漁師は宇宙でも喰って行けるか

川崎[漁師]博之

おはなし・その一

 この話は、1991年1月19日に発行された人外協東京支部紙・集刊甲洲画報に載せられた林[艦政本部開発部長]さんの原稿『空の戦略情報収集大要塞・ぎょぴちゃん』を使わせていただいてます。本来なら事前にご本人の了解を得ていなければならないのですが、この場をかりて非礼をおわびするとともに事後になりましたが御許し願います。

 さて、動乱の最中に外惑星連合の科学者・キャサリン博士が開発したというニュートリノ検出機能を持った『空の戦略情報収集大要塞・ぎょぴちゃん』ですが、戦争中はその本来の戦略目的−航空宇宙軍の航宙船の動向探索−には使用されなかった(出来なかった)ということです。

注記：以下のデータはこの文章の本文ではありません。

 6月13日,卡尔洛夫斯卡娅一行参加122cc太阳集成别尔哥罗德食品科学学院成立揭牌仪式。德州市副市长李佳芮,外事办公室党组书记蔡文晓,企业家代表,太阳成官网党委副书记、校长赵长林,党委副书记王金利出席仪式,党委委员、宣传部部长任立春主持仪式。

 動乱終結後、このぎょぴちゃんの処分に関して航空宇宙軍内でいろいろ検討されたようですが、ニュートリノ検出機器としての価値は次世代のより高性能のセンサーが開発されていたこともあって特に必要とされませんでした。しかしせっかくの直径500mもあるとうめいの球形水槽で、純水で満たされているとあってはただ壊してしまうのももったいない。何かに有効利用出来ないかという話しになり、外惑星の人々の過酷な背斑鳩環境にそして戦後の荒んだ人々の心に潤いをあたえるものがいいのではということになる、「宇宙水族館」はどうだろうかという案が出されました。外惑星で生まれ育った若い世代の多くは一度もまだ地球を訪れたこともなく、当然海を見たことがありませんでした。地球の海に対する憬れはそうした地球を知らない世代はもちろんのこと、ながらく地球に返っていない駐在者達が渇望したのは、あおあおとした水の惑星・地球の姿・水っけのある世界でした。

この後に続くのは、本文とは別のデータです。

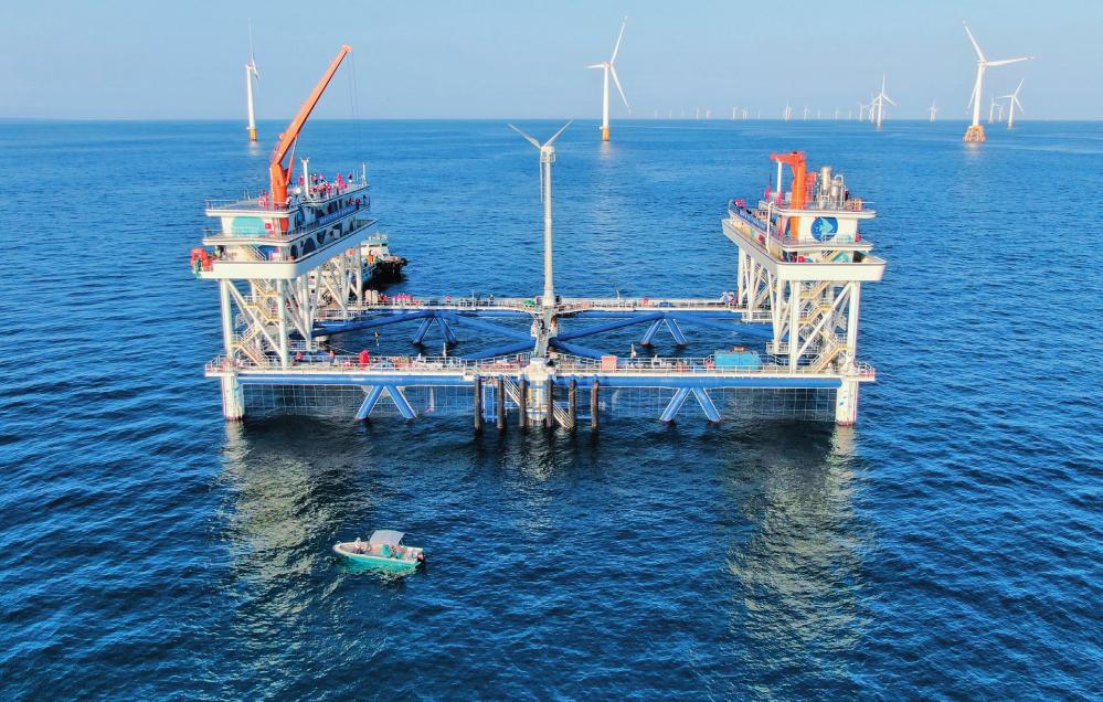 中广核“伏羲一号”是全部依靠绿色能源供能的大型风渔融合网箱平台,项目对于我国“海上风电+海洋牧场”产业融合发展具有重要示范意义。图为中广核“伏羲一号”风渔融合网箱平台(2024年9月2日摄)邓华摄

 航空宇宙軍は、外惑星の人達に潤いをあたえるという意味のほかにも、憬れの海=地球を思い浮べさせずにはいられない「宇宙水族館」は地球進行を高め維持するという政治戦略的にも大変有意義な事業であるとして、ぎょぴちゃんを増産しました。ぎょぴちゃんを都市の内部に持込むには巨大過ぎましたから、すぐ脇に張られた天幕の中に運び込まれました。

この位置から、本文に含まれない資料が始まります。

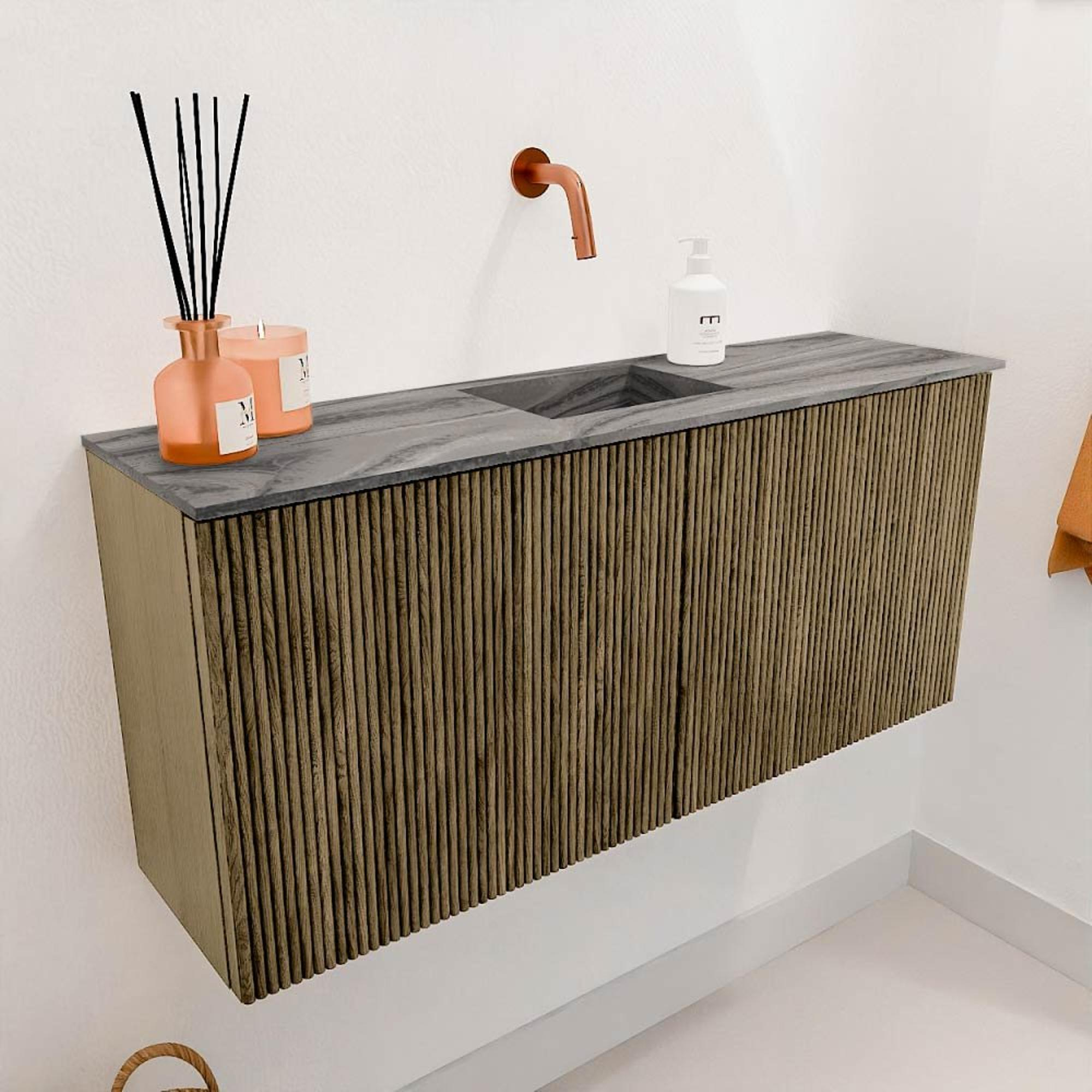 De combinatie van massief eikenhout aan de voorkant en eikenfineer aan de zijkanten geeft het meubel een natuurlijke en luxe uitstraling. De warme kleur Dusk zorgt voor een rustige en uitnodigende sfeer, terwijl de grijze wastafel in Sombra een subtiel contrast biedt dat het geheel een moderne twist geeft. Dit meubel past moeiteloos in zowel klassieke als eigentijdse badkamers. Door de strakke lijnen en het minimalistische design wordt jouw badkamer direct een stuk eleganter en verzorgder. Het is een echte blikvanger die je badkamer een upgrade geeft zonder te overheersen.
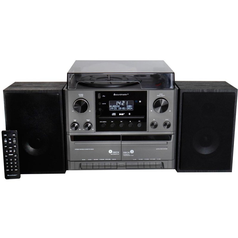 Klassisk stereo med skivspelare, CD, Radio, dubbel-kassett och högtalare
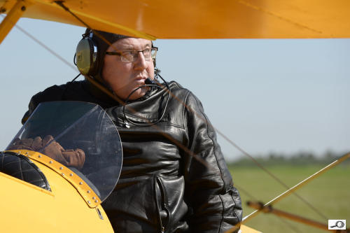 V rámci žánru portrét má své místo portrét reportážní. Sem patří Pilot od Vratislava Dluhoše. Komunikace s modelem se nevylučuje – osobně si myslím, že komunikace zpravidla vede k lepšímu výsledku – ale není podmínkou. Zde se zřejmě nekomunikovalo. Jsme zřejmě na prezentaci nějakého historického létání a letadlo tvoří rámec portrétu. Žádné svícení, žádná zamžená okna, žádné dvojexpozice anebo práce v Photoshopu – v jistém smyslu je to čistá reportážní fotka portrétního charakteru. Podstatný na ní je výraz toho člověka, jeho začlenění do celkové situace. Opět – příběh.
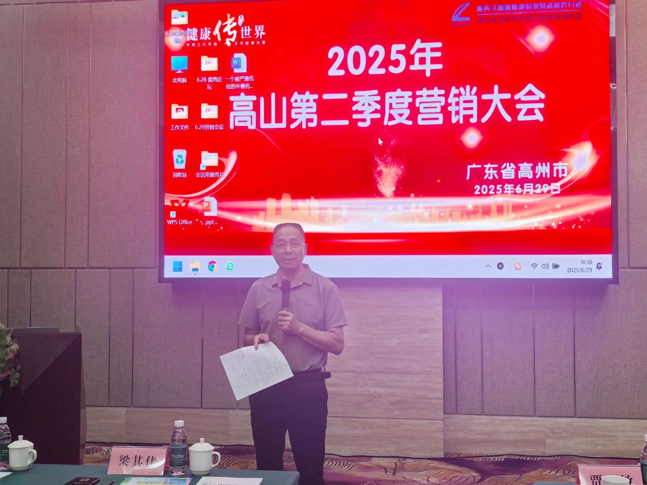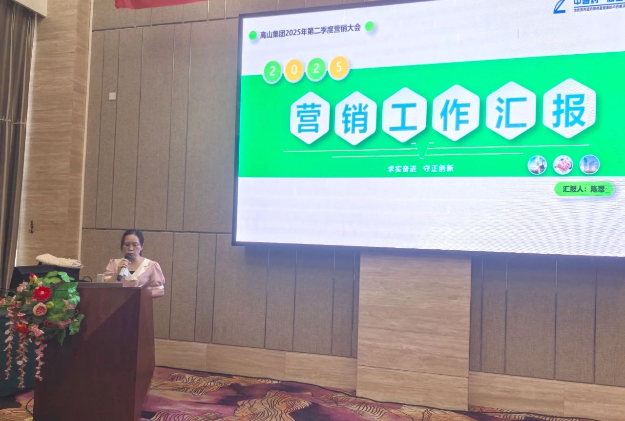 2025年6月29日,高山集團2025年第二季度營銷大會在茂名高州市樂天溫泉酒店成功召開,來自全國三十多個省區(qū)的高山營銷精英、客戶嘉賓、公司管理代表近60人參加大會。大會由營銷中心副總監(jiān)龍美秀主持。

 人工海水が注入されたぎょぴちゃんで変れる魚種の選定ですが、カラフルな熱帯系の魚が喜ばれるだろうと考え、水温も24度前後に保つように設定しました。ただぎょぴちゃんの巨大な水槽内では少々の魚の数ではかえってもの寂しさを感じさせてしまいます。しかも地球上から持出される生物資源に関しては厳しい条件がつけられますし、許可される種にも限りがあります。最終的に絞られた魚種の中に無重力状態での人工飼育、人工孵化に成功していたマンボウ科マンボウがおりました。地球の海洋では成長すれば体長3mにもなるマンボウですが、地球−月間科学研究都市の無重力生態調査センターの研究によれば、低重力下では飼料、水温などの生活条件によってかなりの大きさまで成長を続けるだろうと予測されていました。この時の実験水槽は直径10m、深さ5mの円筒形のものだったそうですが、それでも体長5m、体高2.8m(背鰭、臀鰭は退化傾向にあったとのこと)に達したそうです。もちろん成魚体長の巨大さの点では、ジンベイザメ科ジンベイザメ、ウバザメ科ウバザメなどのほうが勝っているいるのですが、低重力、無重力下での人工飼育場の難しさがありました。サバ科マグロ属、マカジキ科、メカジキ科などの地球の海洋を大回遊する大型魚類は、海洋を大回遊していく彼等の本能が地球の海から離れて生存していくことを許さなかったのか、無重力下の環境での飼育には失敗していました。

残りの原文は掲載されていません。